Les Assises de la télémédecine consacrées aux filières bucco-dentaire, optique et auditive, qui avaient lieu le 14 novembre 2025 à Caen, avaient une promesse forte.

Ce matin, le directeur de l'ARS Normandie, François Mengin-Lecreulx, a déclaré en introduction : « À l’issue de ces Assises, nous avons le devoir de faire de la télémédecine une réalité pour tous les territoires de France. Il nous faut une télémédecine conciliant innovation, accessibilité, efficacité et continuité du parcours de soins ».

De son côté, Thierry Préaux, directeur de la coordination et de la gestion du risque de Normandie (Assurance maladie), a de son côté, précise : « Le principe fondamental de la télémédecine, c'est de faciliter l’accès aux soins dans les déserts médicaux.
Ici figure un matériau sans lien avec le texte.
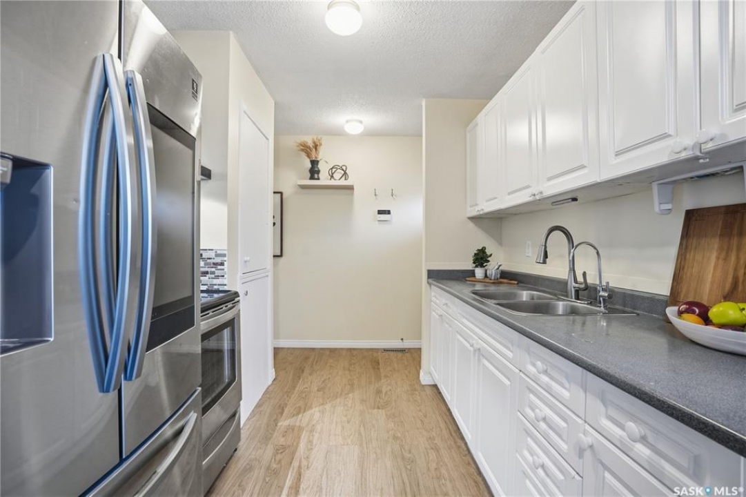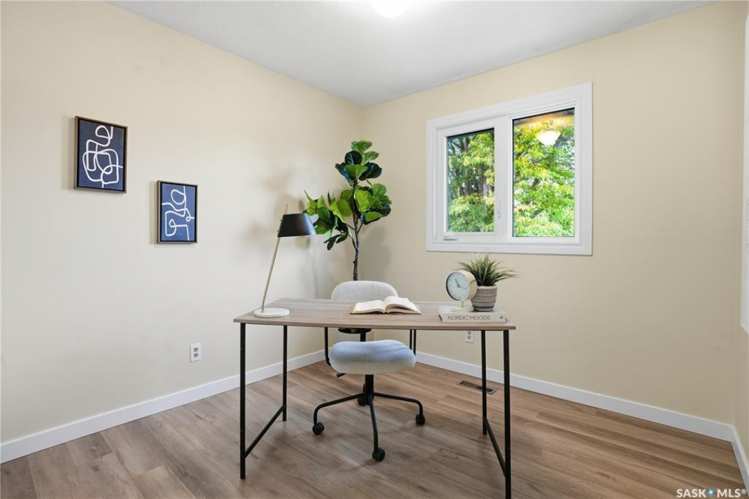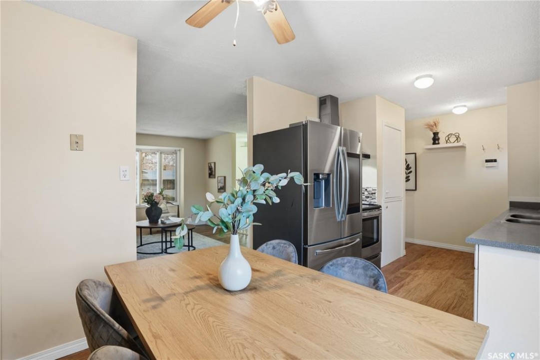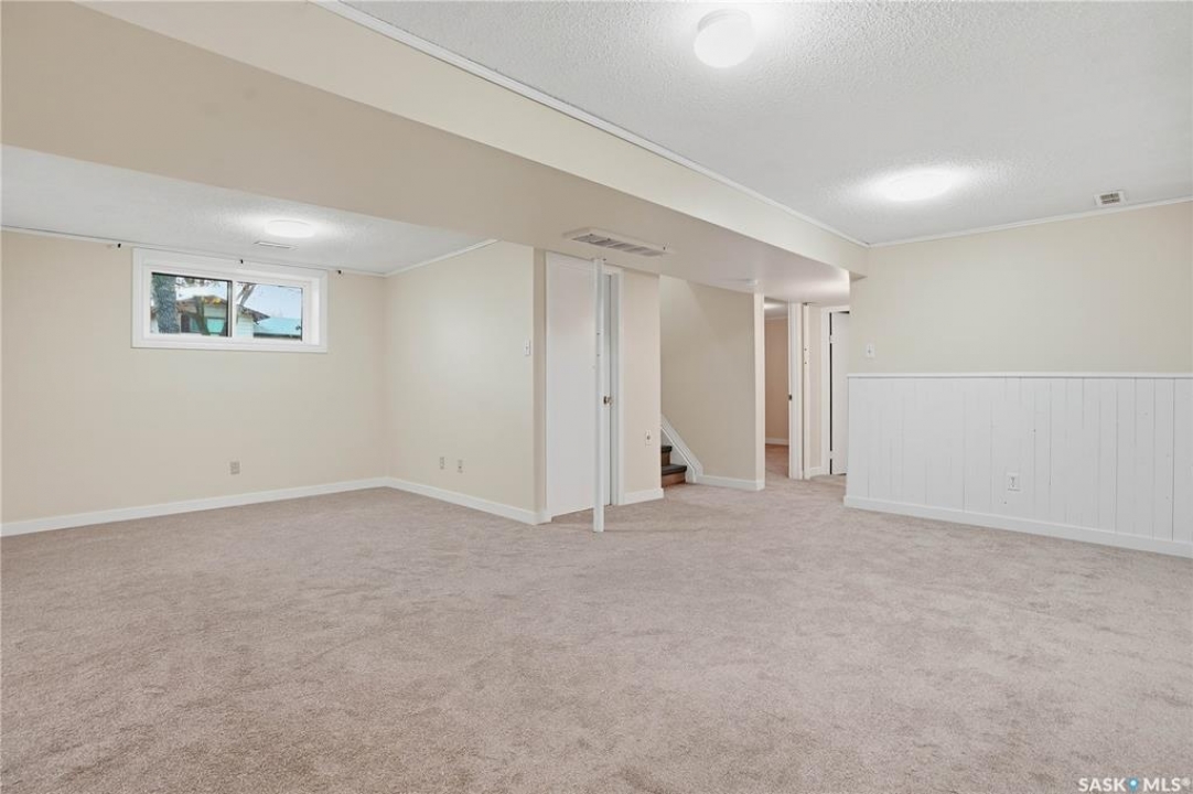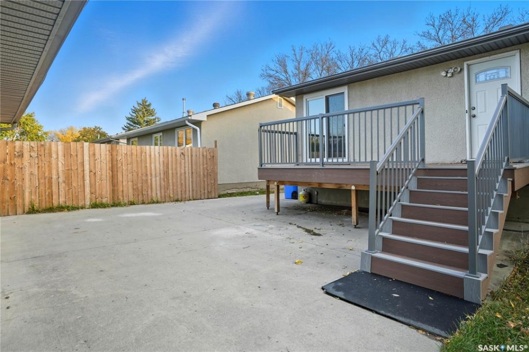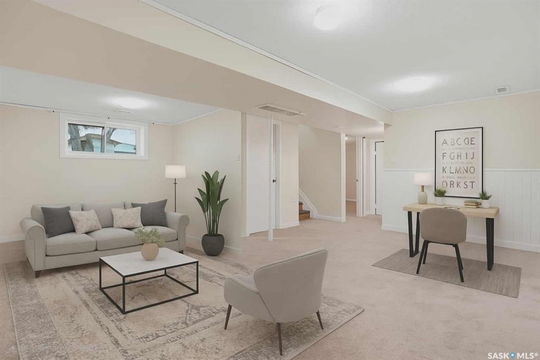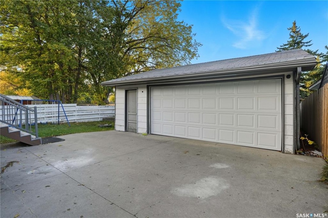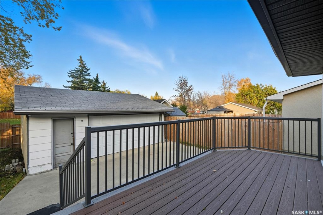 Excellent starter home, welcome home to 1722 7th Ave E — over 800 sq f this bilevel is move-in ready and full of natural light. This 2 + 1 bedroom home features a bright, south-facing living room, an updated kitchen, and a dining door that opens to a composite deck overlooking a large yard and adjacent green space — perfect for morning coffee or weekend relaxation. Lower level offers thoughtful family-ready space: a large recreation room, a third bedroom and a three-piece bath, plus brand-new carpet in the basement. Outside you'll find a double detached garage with a newer overhead door and plenty of fenced yard for kids and pets to run and play. Notable upgrades since 2021 include, flooring, electrical panel, composite deck, pvc windows, shingles replaced in 2025, new basement carpet Oct 2025, garage over head door. Comfortable, well-maintained and tucked backing onto green space — an excellent option for families or first-time buyers who want outdoor living with easy maintenance. Book your showing today to see this home in person. *Note some photos have been virtually staged*

Pour autant, elle ne doit pas remplacer les actes et examens physiques ». 

Au-delà des promesses, la réalité corporatiste

Une douzaine de protocoles et retours d'expérience de télémédecine mis en place en Normandie ont été détaillés : depuis le protocole Muraine, RNO, RNM, mais aussi le protocole Doré qui autorise des prises de mesures par les orthoptistes dans les Ehpad, ainsi que d'autres protocoles de coopération locaux comme Doctovue ou OphtaMaine.

Le point commun de ces pratiques, c'est avant tout l'usage de la télémédecine (téléconsultation et téléexpertise) entre ophtalmologistes et orthoptistes. Les pratiques qui ont été rapportées pendant ces Assises sont très proches les unes des autres. C'est surtout le type d'examens réalisés, qui varient.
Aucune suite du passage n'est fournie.